Waving a riding crop and dressed in black, the 60-year-old Terre Blanche was surrounded by a small group of supporters as he rode through the streets of Potchefstroom, a conservative town about 60 miles west of Johannesburg.
A large media contingent jostled with curious onlookers, both black and white, to get a look at the once-feared leader of South Africa's far right-wing. He gave a stiff-armed salute to several supporters, who waved red flags emblazoned with Terre Blanche's swastika-like symbol.
Terre Blanche began a six-year jail sentence in March 2001 for beating a farmworker so badly in 1996 that the man was brain damaged. Terre Blanche, who was released early on parole, also served six months in 2000 for assaulting a petrol attendant and setting his dog on him.
Best known as the leader of the Afrikaner Weerstandsbeweging (Afrikaner Resistance Movement) (AWB), Terre Blanche threatened to derail democratic elections in 1994 that marked the end of decades of white minority rule.
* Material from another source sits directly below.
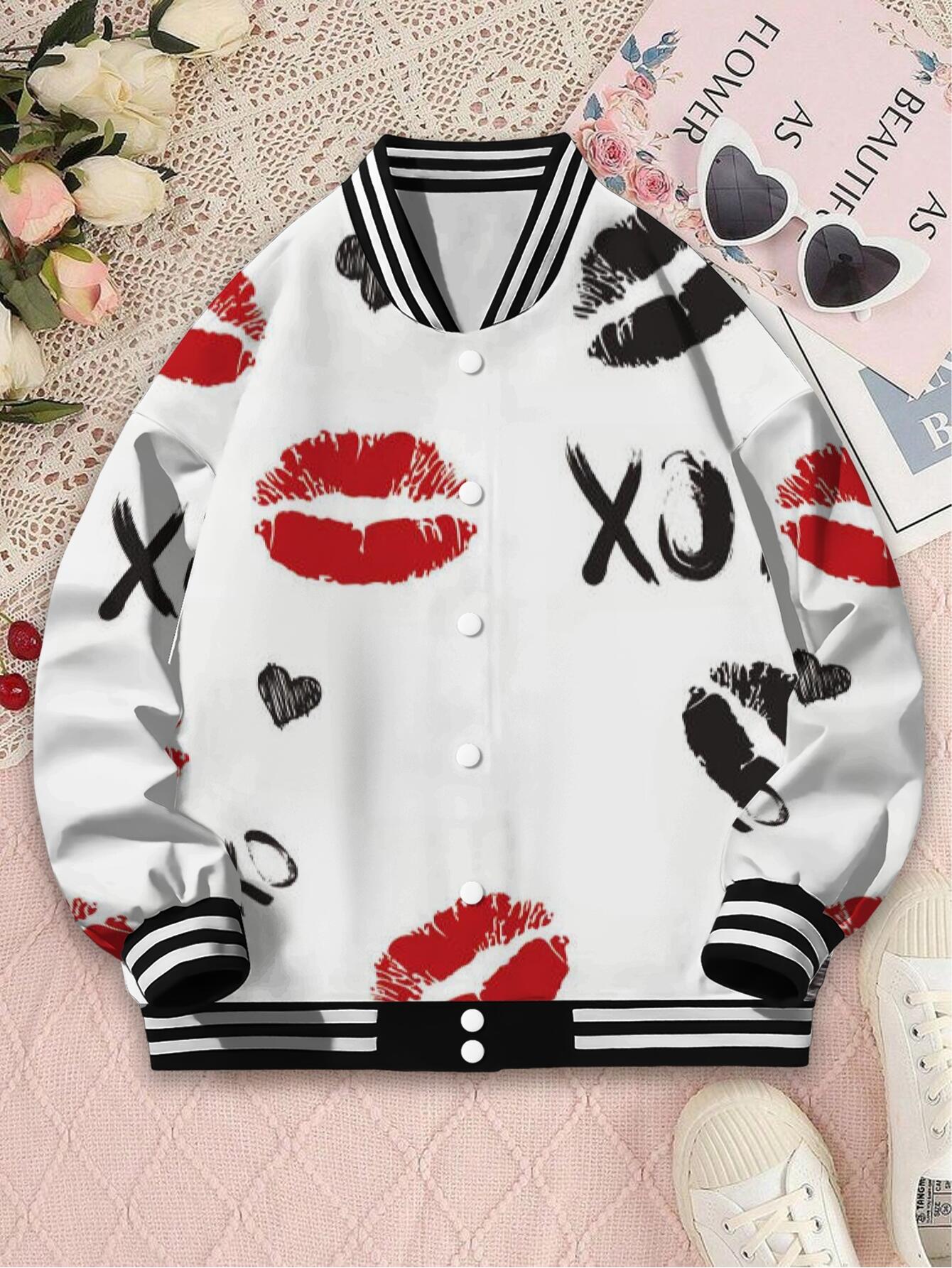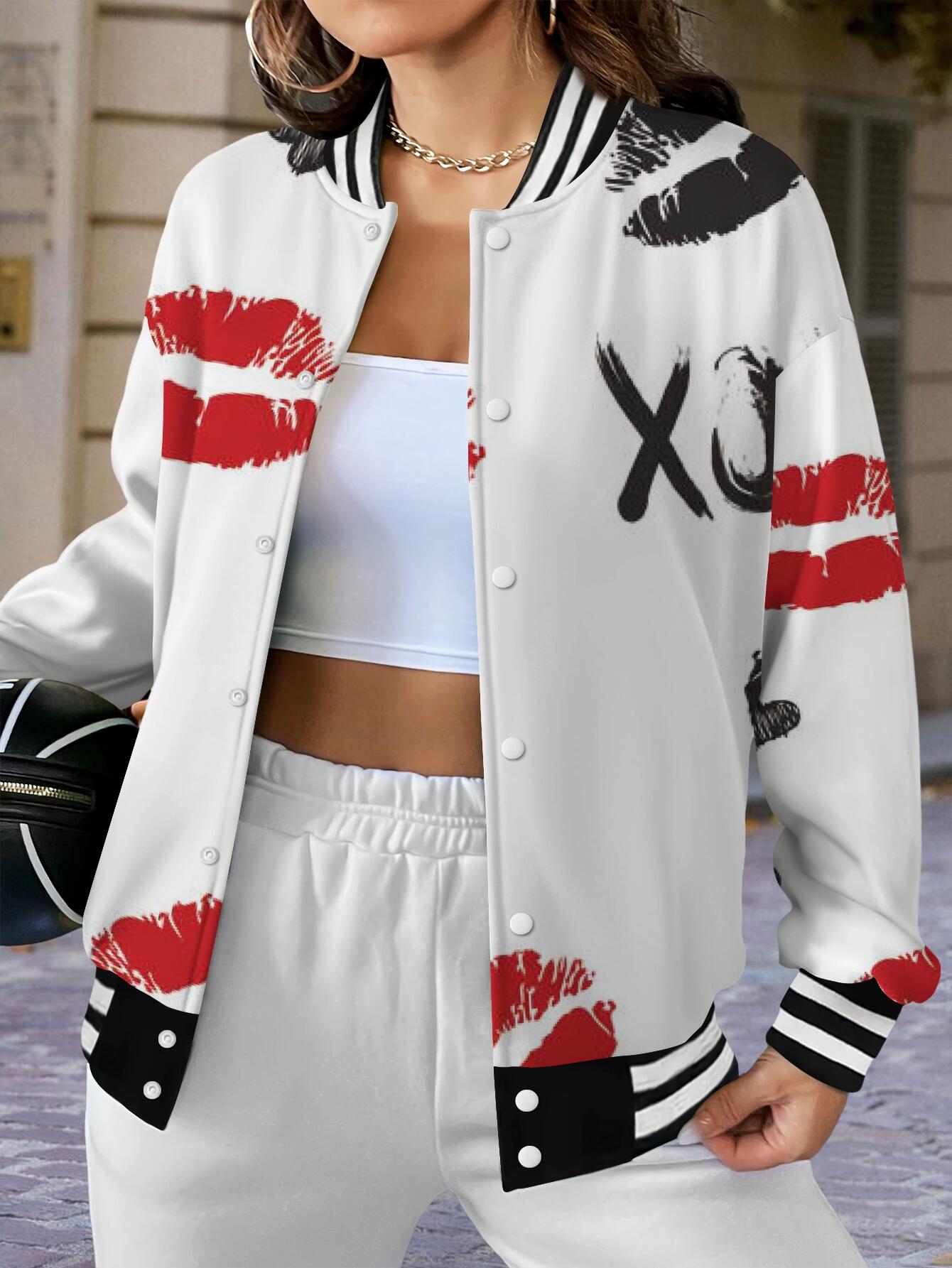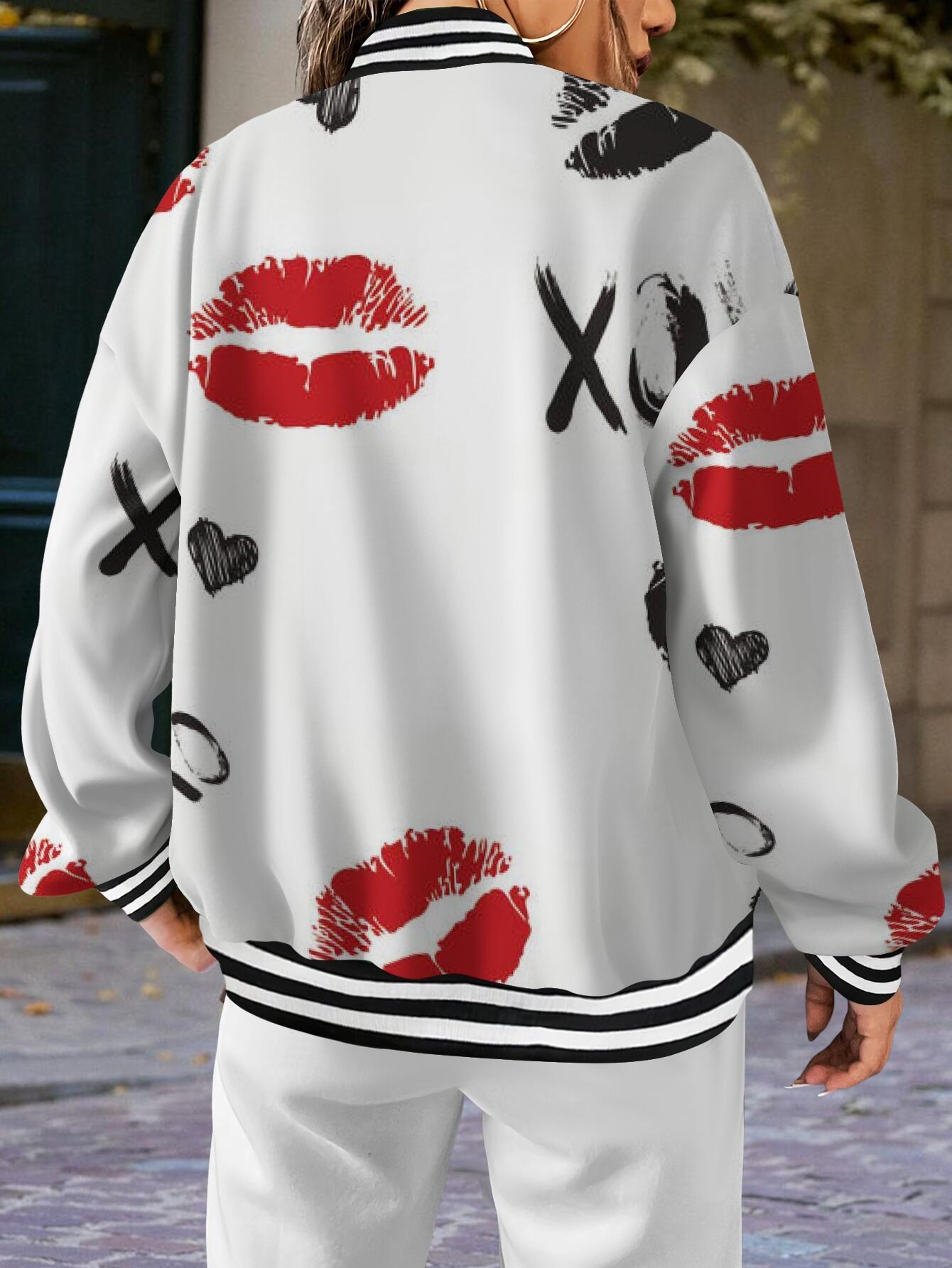 Plus Size Women's White XOXO Lip Print & Red Lips Heart Pattern Baseball Jacket - Cute Kiss Hug Design with Lipstick Kisses & XOXO Logo, Single-Breasted Long Sleeve Winter Coat, Casual Outerwear for Valentine's Day Gift

He appealed to right-wing Afrikaner sentiment by harking back to the days of the Voortrekkers, who left British rule in the Cape and travelled into the interior by horse and oxen to set up independent settlements known as the Orange Free State and Transvaal.
He was ridiculed after he famously fell off his horse during a parade through Pretoria - leading many South Africans to dismiss the AWB as a childish game of dress-up. The sparse turnout today signalled the AWB's fortunes as a political force have faded.